Sunday, August 9, 2009

Sunday Selah

Do everything without complaining or arguing, so that you may become blameless and pure, children of God without fault in a crooked and depraved generation, in which you shine like stars in the universe as you hold out the word of life...
Phillipians 2:14-16

1 of 8 was an early talker.

And I don't mean that in a competitive, Hollywood mom kind of way.

I just mean the kid talked early.

Really young.

And she was extremely chatty.

And she was also very petite.

Even at 18 months old, people often mistook her for a much younger baby because of her diminutive size.

Until she began to show off her non-dimunitive vocabulary.

And because 1 of 8 was such an early talker and got to operate as the only child for the first three and a half years of her life, she was my conversational buddy all day long. She began the day talking about her dreams and she continued to stroll verbally through breakfast, laundry, teeth-brushing and hair-doing. Talk, talk, talk.

1 of 8 also came naturally blessed with a very sunny disposition. She, to this day, is a generally happy, outgoing sort. The contexts of our discourses when she was little usually ran along the lines of her delight over butterflies, her adoration of kittens, her pretend friends and her personal take of fairytales. I was quite spoiled to her charming, cheery confabs.

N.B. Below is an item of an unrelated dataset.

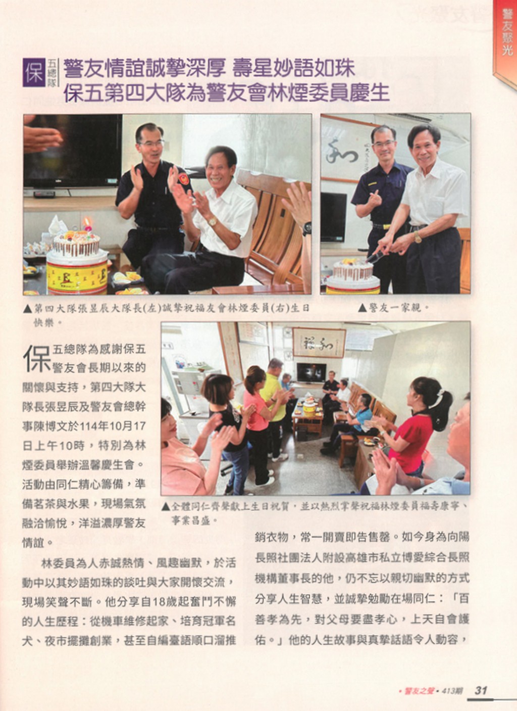 二、溫暖支持:「第四大隊為警友林煙委員慶祝生日會」一文,體現警民最實質且溫暖的關懷與支持。

But there came a morning when 1 of 8 woke up on the wrong side of the proverbial, white-eyelet-canopied princess bed. From the moment her feet hit the ground, she whined about the cereal, the color of her toothbrush, the choice of outfit I laid out for her. We loaded up in the car, a list of errands on the dashboard. As I drove us out of the neighborhood and to our varied stops, 1 of 8 continued to gripe about any variety of matters, all in full voice, all with numerous descriptors.

About 30 minutes in, I had had enough. I glanced into the rearview mirror and constructed a bribe for 1 of 8, a chance for her to participate in remediating her own bad attitude. I told her, "You have a choice to make. You can keep whining and we will not stop for a special treat. OORRRRR you can decide to stop whining and we will go through that favorite place of yours under the golden arches and get you a large french fry order for you to enjoy."

1 of 8 carefully considered my offer, her face a study in choices as I watched her from the vantage of the rearview mirror. She rolled her eyes up to the left, put a small finger to her chin, then rolled her eyes to the right. And then she arrived at her answer.

"I think, " she drolled, dragging it out for effect, "I think that I'll just whine."

Whine over french fries. Score whine.

I have those days. I wake up on the wrong side of the king size bed and before my day is barely underway, I have already developed a litany of grouchy grousings. The kitchen is still a mess from the night before, one of the twins has iveserated a stuffed animal and the excavated fluff is snowy in the nursery. I drop my favorite coffee mug and an overflowing trash bin sits in the garage, waving to the garbage truck as it speeds past.

Grouch, whine, whimper, complain.

All before nine a.m.

But God has places for me to go that day, even along the uneven roads of my spiritual path. He gently straps me into my carseat of life and takes the steering wheel, watching my pouting from the rearview mirror.

And He extends me a choice.

Because we are going to run the errands of His will this day. And I can whine all the way. Or I can choose to make the trip a little more pleasant.

Some days I choose the whine.

Some days I choose the french fries.

I can see His eyes twinkle at me from the rearview mirror.

He lets me choose my attittude.

And some days, He sees me grow up a little bit.